▸ Data extract
--

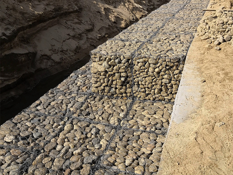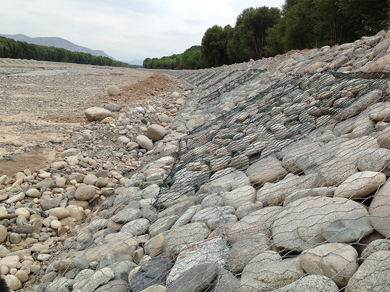3.透水性:由于防汛石籠網(wǎng)結(jié)構(gòu)的自然透水性使其擋水建筑物表面的水壓力不至于積累。透水性和保持力的完美結(jié)合使其成為邊坡防護(hù)以及河道治理工程的理想選擇
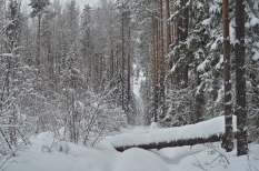 Постепенно надежда, что мы успеваем дойти за сегодня, укрепляется - после лесоучастка буранка становится более выраженной, и хотя и уводит нас с запланированного трека, зато прямиком выводит на Главный ус (центральную транспортную магистраль Унжлага). Дорога здесь хорошо укатана буранами, и по ней мы довольно быстро нагоняем график. Останавливаться на перекус практически нереально – очень холодно, но есть-то хочется. Восстановить теплоту ног и рук после остановки можно только с помощью интенсивного хода, благо буранка это позволяет. На стоянку решено вставать, не доходя примерно 2-4 километра до пос. Северного. Уже темно. Да еще и батарейки начинают барахлить - все показывают, что разряжены, хотя и ехали в тепле на теле. А нет батареек, это значит, нет навигатора, нет фонарика. Как назло, на этом участке заканчивается хороший лес и начинается березняк с редкими включениями елок. При таком морозе это напрягает – нужен хороший костер, а в таком лесу без фонарика сушину найти трудно. Сходим с буранки в придорожный лес в надежде найти хоть что-то. В это время по дороге проносится мимо 8 снегоходов. Мелькает пораженческая мысль: «а ведь могли бы подвезти, можно было бы на постой напроситься…», но гоним ее прочь, да и снегоходы уже далеко. С дровами здесь как-то совсем туго… Так как в поисках сушины идем медленно, ноги начинают замерзать. Наконец-то находим какое-то полусломанное дерево, дальше искать сил нет. Я уже замерзла до такой степени, что от меня сегодня толку мало – единственная мысль: только спальник спасет меня. Срочно ставлю палатку и залезаю в него. Немного отпускает, жизнь возвращается, по ногам разливается тепло, но покидать спальник нет никакого желания, и приходится приложить неимоверные усилия, чтобы сделать это. К этому времени яма уже выкопана, дрова заготовлены, костер вовсю горит, а в котелке топится снег. Вечер и ночь проходят как обычно, спится хорошо и уютно.  |
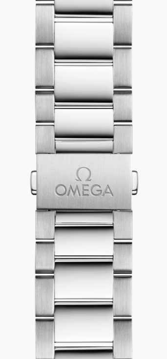 Браслетная застежка “бабочка”, раскладывающаяся при нажатии на кнопки двойной системы блокировки, с гравированной эмблемой Omega

--

▸ About this task
Write the listing out exactly, apart from its pictures.

▸ Output
3.透水性:由于防汛石籠網(wǎng)結(jié)構(gòu)的自然透水性使其擋水建筑物表面的水壓力不至于積累。透水性和保持力的完美結(jié)合使其成為邊坡防護(hù)以及河道治理工程的理想選擇
 Постепенно надежда, что мы успеваем дойти за сегодня, укрепляется - после лесоучастка буранка становится более выраженной, и хотя и уводит нас с запланированного трека, зато прямиком выводит на Главный ус (центральную транспортную магистраль Унжлага). Дорога здесь хорошо укатана буранами, и по ней мы довольно быстро нагоняем график. Останавливаться на перекус практически нереально – очень холодно, но есть-то хочется. Восстановить теплоту ног и рук после остановки можно только с помощью интенсивного хода, благо буранка это позволяет. На стоянку решено вставать, не доходя примерно 2-4 километра до пос. Северного. Уже темно. Да еще и батарейки начинают барахлить - все показывают, что разряжены, хотя и ехали в тепле на теле. А нет батареек, это значит, нет навигатора, нет фонарика. Как назло, на этом участке заканчивается хороший лес и начинается березняк с редкими включениями елок. При таком морозе это напрягает – нужен хороший костер, а в таком лесу без фонарика сушину найти трудно. Сходим с буранки в придорожный лес в надежде найти хоть что-то. В это время по дороге проносится мимо 8 снегоходов. Мелькает пораженческая мысль: «а ведь могли бы подвезти, можно было бы на постой напроситься…», но гоним ее прочь, да и снегоходы уже далеко. С дровами здесь как-то совсем туго… Так как в поисках сушины идем медленно, ноги начинают замерзать. Наконец-то находим какое-то полусломанное дерево, дальше искать сил нет. Я уже замерзла до такой степени, что от меня сегодня толку мало – единственная мысль: только спальник спасет меня. Срочно ставлю палатку и залезаю в него. Немного отпускает, жизнь возвращается, по ногам разливается тепло, но покидать спальник нет никакого желания, и приходится приложить неимоверные усилия, чтобы сделать это. К этому времени яма уже выкопана, дрова заготовлены, костер вовсю горит, а в котелке топится снег. Вечер и ночь проходят как обычно, спится хорошо и уютно.  |
 Браслетная застежка “бабочка”, раскладывающаяся при нажатии на кнопки двойной системы блокировки, с гравированной эмблемой Omega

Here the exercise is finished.